• Action item: Although the records contain pictures, the copy should leave them out and match everything else exactly.

• Data to use:

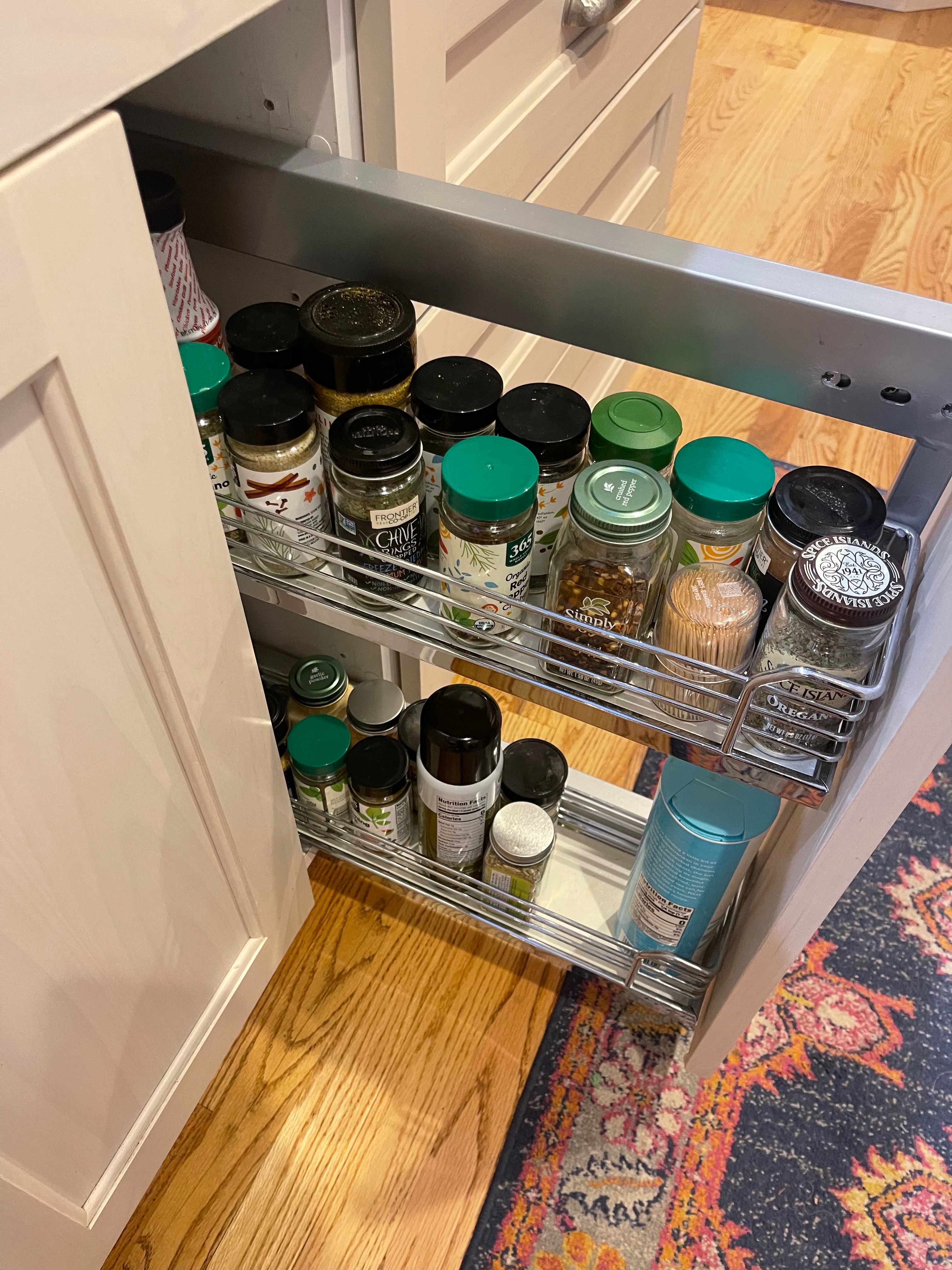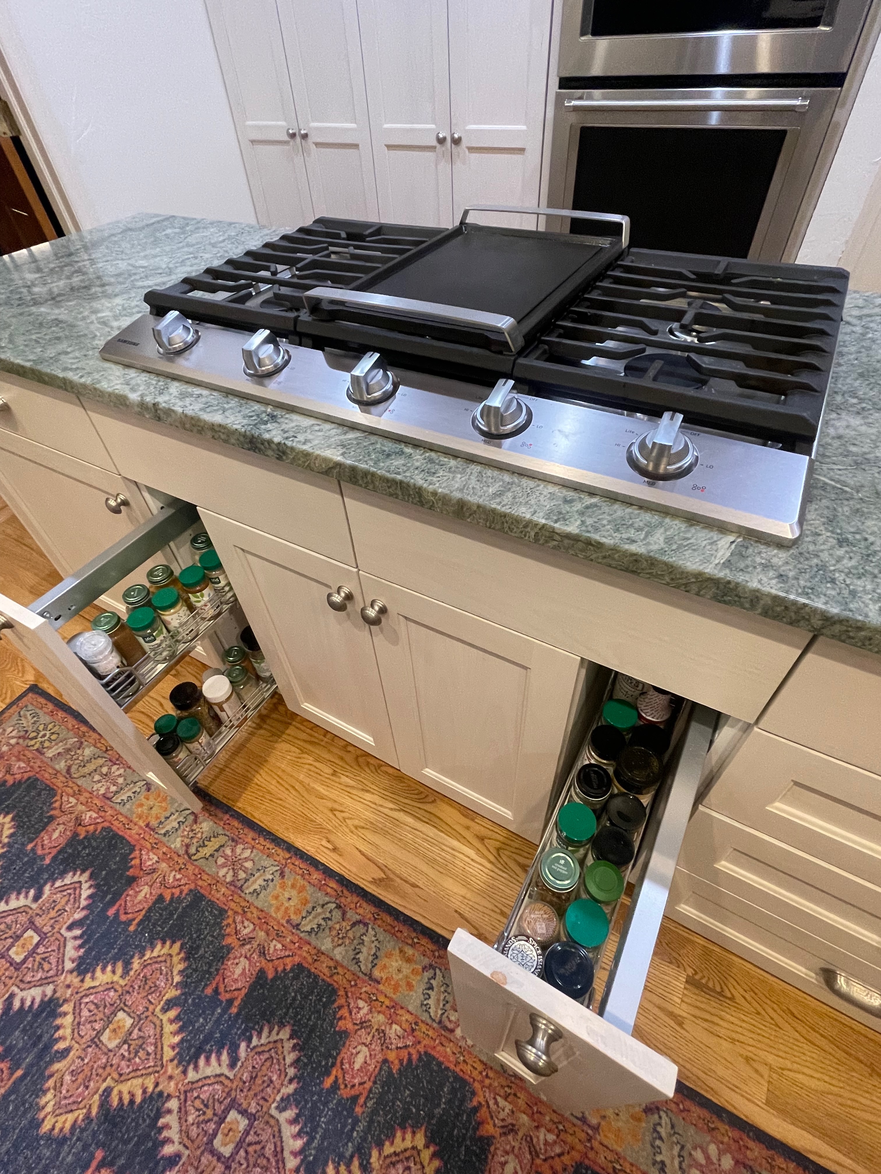 1-Two door cooktop base cabinet with two door pull out spice racks on each side Dim.: 39”w x 34 1/2”h/36”h x 24” d
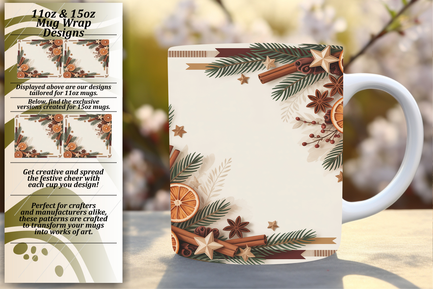 Elegant 15oz Mug Wrap Png Artwork , Christmas
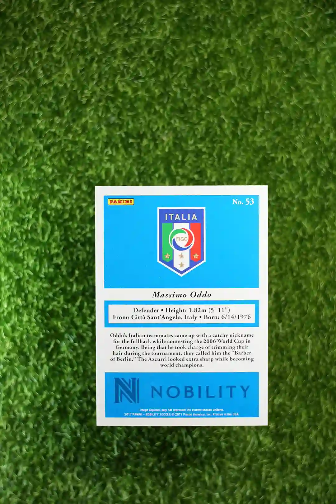 2017 Panini Nobility Soccer Massimo Oddo Base card, with a print run of /10.
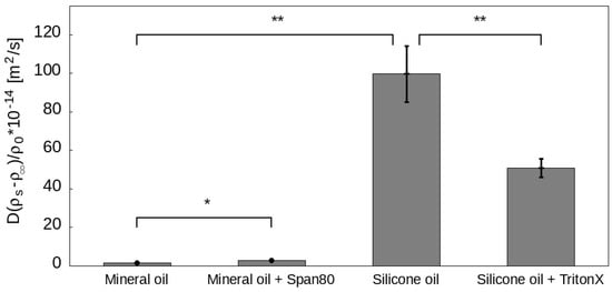 Values of of the four different oil mixtures we investigated in depth. For each material the data shown corresponds to a linear fit of five different droplets under the same conditions. Errors were calculated as the standard deviation of the five slopes. Significance levels: **: , *: . Values of are the following. Mineral oil: ; mineral oil with Span80: ; silicone oil: ; silicone oil with Triton X-100: .
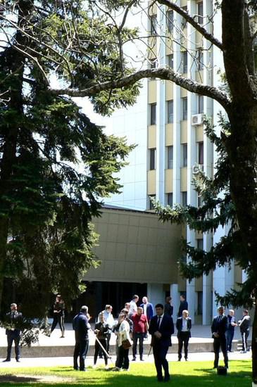 Сегодня страстная пятница, с утра решил ничего не писать, Но гуляя по скверу Коста, заметил суету и группу людей на зеленом газоне, подошел поближе и рассмотрел спортивного сложения ребят в черных костюмах застывших в типичных позах госохранников. Это они и были, а вот и Президент. Беседует с кем-то, под елкой. Я решил эту сцену, все таки сфотографировать. Потом еще с кем то. Кто-то из сопровождавших, взял грабли и стал убирать газон. Я решил, что это что-то типа субботника, но сегодня, вроде как, не положено заниматься работами связанными с землей. К тому же Анатолий Ильич, продолжал беседовать то с одним то с другим из допущенных к нему, вот к нему уже подошли мужчины сидевшие в сквере. Может это приём, такой, на свежем воздухе. Вечером посмотрим по ТВ, не зря же, все это время, возле Президента «стрекотала» камера. А из меня, папарацци, видно - никудышный.
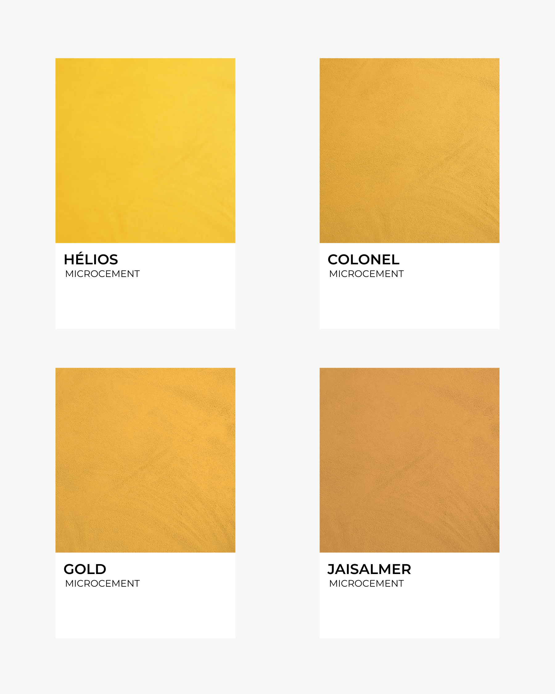 Golden yellows introduce light and warmth in a way that feels natural rather than bright. Inspired by amber, aged brass, and mineral pigments, these tones glow softly when applied in microcement, their vibrancy tempered by the matte surface. They bring optimism and energy while remaining grounded and sophisticated.
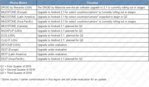 MOTOROLA ANDROID CERCA Dopo il rilascio dell'attesissimo aggiornamento ad Android 2.1 per lo smartphone Motorola Milestone, emergono anche i progetti di aggiornamento della casa statunitense per gli altri suoi cellulari basati sulla piattaforma operativa di Google. Da un documento riservato viene confermata la disponibilità nel corso dell'estate di un aggiornamento ad Android 2.1 per il Motorola Backflip, mentre per il Motorola Dext nulla è stato ancora deciso.

• Exercise response:
 1-Two door cooktop base cabinet with two door pull out spice racks on each side Dim.: 39”w x 34 1/2”h/36”h x 24” d
 Elegant 15oz Mug Wrap Png Artwork , Christmas
 2017 Panini Nobility Soccer Massimo Oddo Base card, with a print run of /10.
 Values of of the four different oil mixtures we investigated in depth. For each material the data shown corresponds to a linear fit of five different droplets under the same conditions. Errors were calculated as the standard deviation of the five slopes. Significance levels: **: , *: . Values of are the following. Mineral oil: ; mineral oil with Span80: ; silicone oil: ; silicone oil with Triton X-100: .
 Сегодня страстная пятница, с утра решил ничего не писать, Но гуляя по скверу Коста, заметил суету и группу людей на зеленом газоне, подошел поближе и рассмотрел спортивного сложения ребят в черных костюмах застывших в типичных позах госохранников. Это они и были, а вот и Президент. Беседует с кем-то, под елкой. Я решил эту сцену, все таки сфотографировать. Потом еще с кем то. Кто-то из сопровождавших, взял грабли и стал убирать газон. Я решил, что это что-то типа субботника, но сегодня, вроде как, не положено заниматься работами связанными с землей. К тому же Анатолий Ильич, продолжал беседовать то с одним то с другим из допущенных к нему, вот к нему уже подошли мужчины сидевшие в сквере. Может это приём, такой, на свежем воздухе. Вечером посмотрим по ТВ, не зря же, все это время, возле Президента «стрекотала» камера. А из меня, папарацци, видно - никудышный.
 Golden yellows introduce light and warmth in a way that feels natural rather than bright. Inspired by amber, aged brass, and mineral pigments, these tones glow softly when applied in microcement, their vibrancy tempered by the matte surface. They bring optimism and energy while remaining grounded and sophisticated.
 MOTOROLA ANDROID CERCA Dopo il rilascio dell'attesissimo aggiornamento ad Android 2.1 per lo smartphone Motorola Milestone, emergono anche i progetti di aggiornamento della casa statunitense per gli altri suoi cellulari basati sulla piattaforma operativa di Google. Da un documento riservato viene confermata la disponibilità nel corso dell'estate di un aggiornamento ad Android 2.1 per il Motorola Backflip, mentre per il Motorola Dext nulla è stato ancora deciso.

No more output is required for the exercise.